Artificial intelligence in medicine as a research field is about 50 years old. In 1975, an expert system, called MYCIN, was proposed to identify bacteria causing various infectious diseases [30]. More generally, there was a growing interest in expert systems for medical applications. Medical image processing also quickly became a growing field. The first conference on Information Processing in Medical Imaging (IPMI) was held in 1977 (it existed under a different name since 1969). The first SPIE Medical Image Processing conference took place in 1986, and the Medical Image Computing and Computer-Assisted Intervention (MICCAI) conference started in 1998. Image perception tasks, such as segmentation or classification, soon became among the key topics of this field, even though the methods came in majority from traditional image processing and not from machine learning. In the 2010s, machine learning approaches became dominant for medical image processing and more generally in artificial intelligence in medicine.

To conclude this part, it is important to be clear about the different terms, in particular those of artificial intelligence, machine learning, and deep learning (Fig. 6). Machine learning is one approach to artificial intelligence, and other radically different approaches exist. Deep learning is a specific type of machine learning approach. It has recently obtained impressive results on some types of data (in particular, images and text), but this does not mean that it is the universal solution to all problems. As we will see in this book, there are tasks for which other types of approaches perform best.

Fig. 6
Three concentric rectangles are labeled artificial intelligence, machine learning, and deep learning from outside to inside.
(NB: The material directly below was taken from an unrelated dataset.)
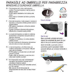 Parasole ad ombrello per parabrezza. Riduce il calore all'interno del veicolo. Il particolare design ad ombrello lo rende facile da aprire e chiudere in pochi secondi. Il formato universale si adatta alla maggior parte dei veicoli. Protegge l'interno della vettura da sole e calore UV. Telaio e superficie radianti per una copertura flessibile. Si prega di verificare le dimensioni del parabrezza dell'auto prima di acquistare questo prodotto. Dimensioni 138x78cm

Artificial intelligence, machine learning, and deep learning are not synonymous. Deep learning is a type of machine learning which involves neural networks with a large number of hidden layers. Machine learning is one approach to artificial intelligence, but other approaches exist

3 Main Machine Learning Concepts

As aforementioned, machine learning aims at making a computer capable of performing a task without explicitly being programmed for that task. More precisely, it means that one will not write a sequence of instructions that will directly perform the considered task. Instead, one will write a program that allows the computer to learn how to perform the task by examining examples or experiences. The output of this learning process is a computer program itself that performs the desired task, but this program was not explicitly written. Instead, it has been learned automatically by the computer.

In 1997, Tom Mitchell gave a more precise definition of a well-posed machine learning problem [31]:

A computer program is said to learn from experience E with respect to some task T and some performance measure P, if its performance at task T, as measured by P, improves with experience E.
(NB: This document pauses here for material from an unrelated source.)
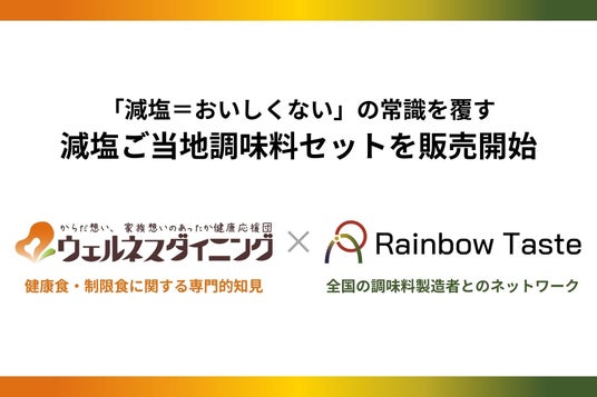 株式会社Rainbow Taste(本社:東京都新宿区、代表取締役:寺門里紗)は、食事制限専門の「健康宅配食」と「栄養相談」を提供するウェルネスダイニング株式会社(本社:東京都墨田区、代表取締役:中本哲宏)と協業し、「減塩調味料セット」を開発・販売開始いたしました。本商品は、管理栄養士が約100種類のご当地調味料の中から厳選したもので、塩分やカリウムを控えながらも本格的な味わいと満足感を実現しています。本協業を通じて、日本の豊かな食文化を大切にしながら、健康的な食生活の実現に貢献してまいります。

He then provides the example of a computer that learns to play checkers: task T is playing checkers, performance measure P is the proportion of games won, and the training experience E is playing checker games against itself. Very often, the experience E will not be an actual action but the observation of a set of examples, for instance, a set of images belonging to different categories, such as photographs of cats and dogs, or medical images containing tumors or without lesions. Please refer to Box 1 for a summary.

Box 1: Definition of machine learning

Machine learning definition [31]:

a computer program is said to learn from experience E with respect to some task T and some performance measure P, if its performance at task T, as measured by P, improves with experience E.
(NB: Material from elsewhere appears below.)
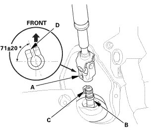 * Pinion shaft without center guide: Position the steering column by aligning the gap (D) within the angle.

Example: learning to detect tumors from medical images

  • Task T: detect tumors from medical image

  • Performance measure P: proportion of tumors correctly identified

  • Experience E: examining a dataset of medical images where the presence of tumors has been annotated

3.1 Types of Learning

One usually considers three main types of learning: supervised learning, unsupervised learning, and reinforcement learning (Box 2). In both supervised and unsupervised learning, the experience E is actually the inspection of a set of examples, which we will refer to as training examples or training set.

Box 2: Supervised, Unsupervised, and Reinforcement learning

  • Supervised learning. Learns from labeled examples, i.e., examples for which the output that we are trying to learn is known

    • Example 1. The task is computer-aided diagnosis (a classification problem), and the label can be the diagnosis of each patient, as defined by an expert physician.

    • Example 2. The task is the prediction of the age of a person from a set of biological variables (e.g., a brain MRI). This is a regression problem. The label is the true age of a given person in the training set.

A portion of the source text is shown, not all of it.